■ **Given data**
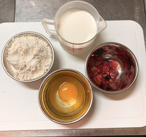 팬케익 믹스, 묵히고 있는 건 믹스베리, 계란, 우유반죽은 너무 묽게 하지않고 됨직하니 해준다.
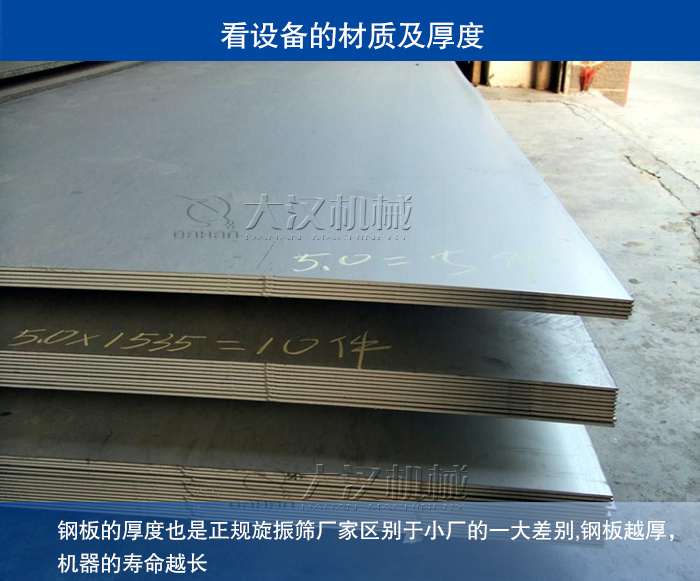 除了材質(zhì)的選擇方面外,鋼板的厚度也是正規(guī)旋振篩廠家區(qū)別于小廠的一大差別。旋振篩使用板材常見的有Q235碳鋼和304不銹鋼兩種,但其厚度的不同也可以直接影響銷售價格。我們拿常見的圓形振動篩為例:一款直徑800的旋振篩市場售價在6500元-7300元之間,多用板材厚度在2mm,但如板材厚度降低到1.7或更低,價格上會大大降低,但是旋振篩在使用過程中極易出現(xiàn)篩框斷裂、出料口斷裂等問題,正常的旋振篩的使用年限在5年左右,可這種鋼材差、鋼板薄的旋振篩可能使用半年就報廢了。
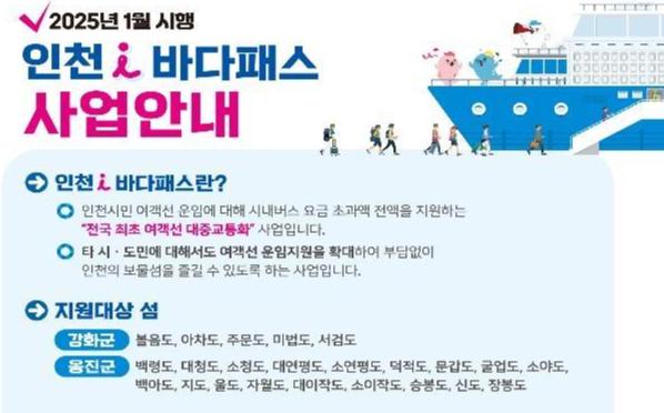 인천광역시(시장 유정복)가 전국 최초로 모든 시민이 시내버스 요금으로 여객선을 이용할 수 있는 `인천 아이 바다패스` 사업을 2025년 1월부터 본격 시행한다.
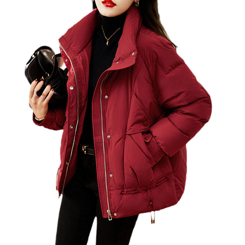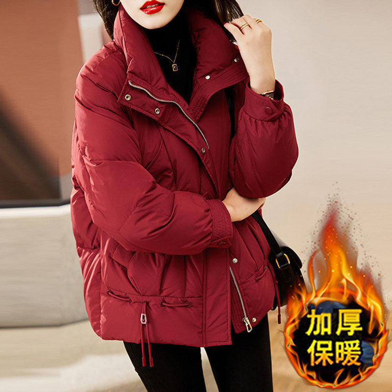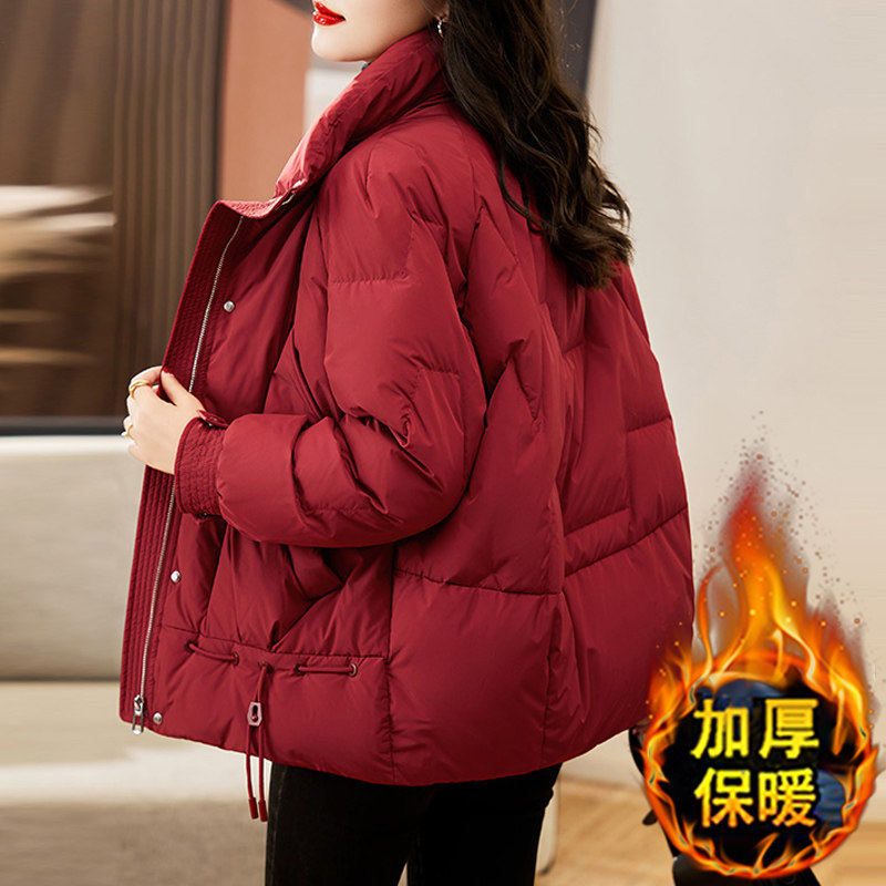 今年流行爆款红色羽绒棉服女款2025新款冬季加厚设计感棉衣外套女
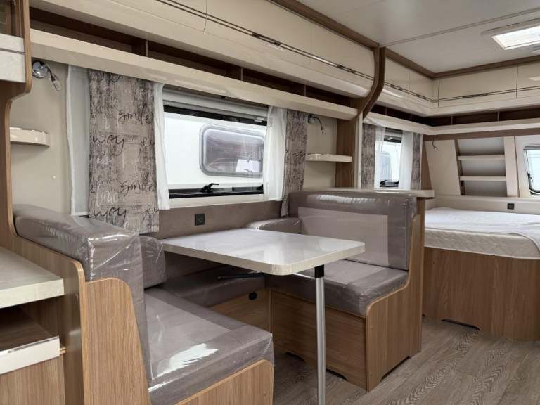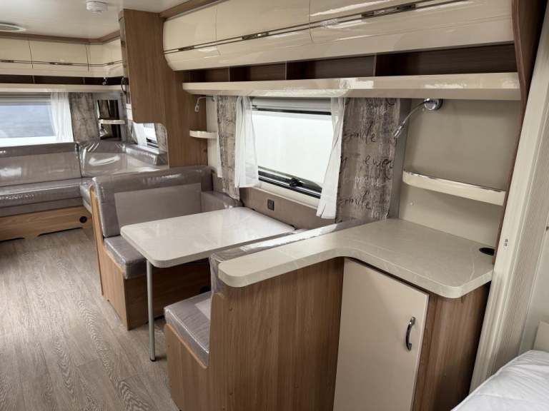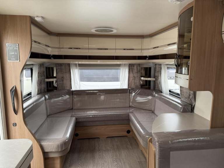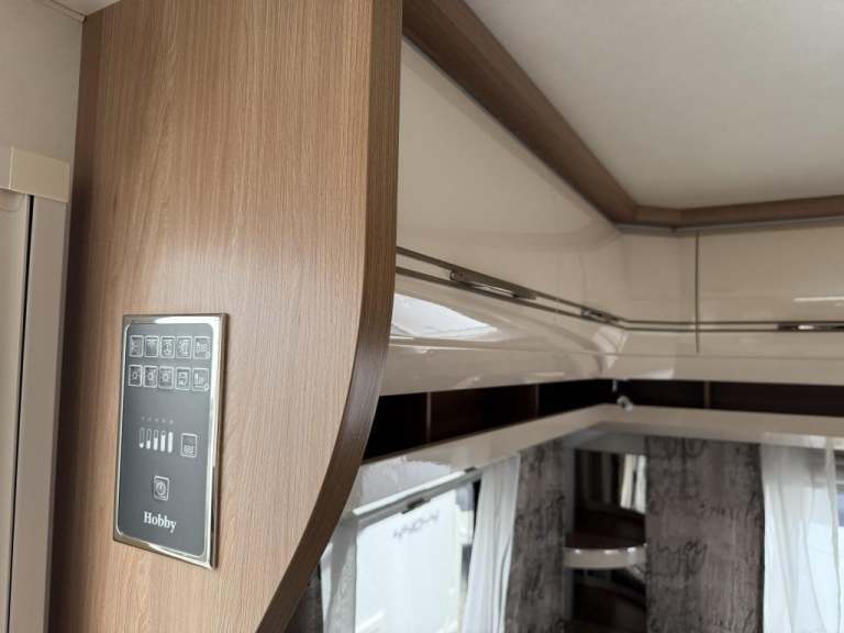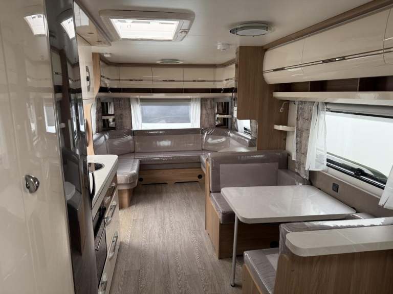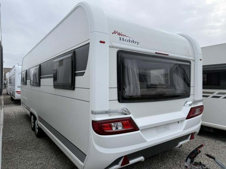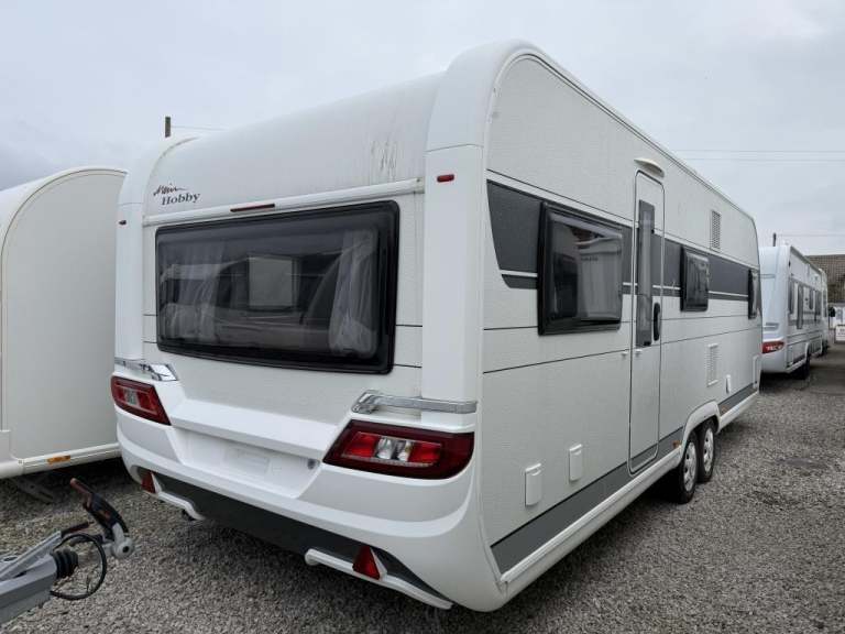 2021 Hobby 650 umfe Fixed large bed over tow hitch.?Toilet with shower over the top?External vanity unit with sink and cupboards ?Large cupboard with sliding door?Side dinette which converts into single bed?Kitchen with tall 3way fridge freezer,3 gas burner, hob Oven,Sliding unit and drawers?Large area for tv?U Shape seating with drop down table which converts into large double bed?Part exchange welcome finance and delivery available Can stay on a seasonal pitch in North Wales, if need

■ **What is needed**
Leave out all pictures and retype precisely the lines that run from the line containing "除了材質(zhì)的選擇方面" to the last line of the records.

■ **Answer area**
 除了材質(zhì)的選擇方面外,鋼板的厚度也是正規(guī)旋振篩廠家區(qū)別于小廠的一大差別。旋振篩使用板材常見的有Q235碳鋼和304不銹鋼兩種,但其厚度的不同也可以直接影響銷售價格。我們拿常見的圓形振動篩為例:一款直徑800的旋振篩市場售價在6500元-7300元之間,多用板材厚度在2mm,但如板材厚度降低到1.7或更低,價格上會大大降低,但是旋振篩在使用過程中極易出現(xiàn)篩框斷裂、出料口斷裂等問題,正常的旋振篩的使用年限在5年左右,可這種鋼材差、鋼板薄的旋振篩可能使用半年就報廢了。
 인천광역시(시장 유정복)가 전국 최초로 모든 시민이 시내버스 요금으로 여객선을 이용할 수 있는 `인천 아이 바다패스` 사업을 2025년 1월부터 본격 시행한다.
 今年流行爆款红色羽绒棉服女款2025新款冬季加厚设计感棉衣外套女
 2021 Hobby 650 umfe Fixed large bed over tow hitch.?Toilet with shower over the top?External vanity unit with sink and cupboards ?Large cupboard with sliding door?Side dinette which converts into single bed?Kitchen with tall 3way fridge freezer,3 gas burner, hob Oven,Sliding unit and drawers?Large area for tv?U Shape seating with drop down table which converts into large double bed?Part exchange welcome finance and delivery available Can stay on a seasonal pitch in North Wales, if need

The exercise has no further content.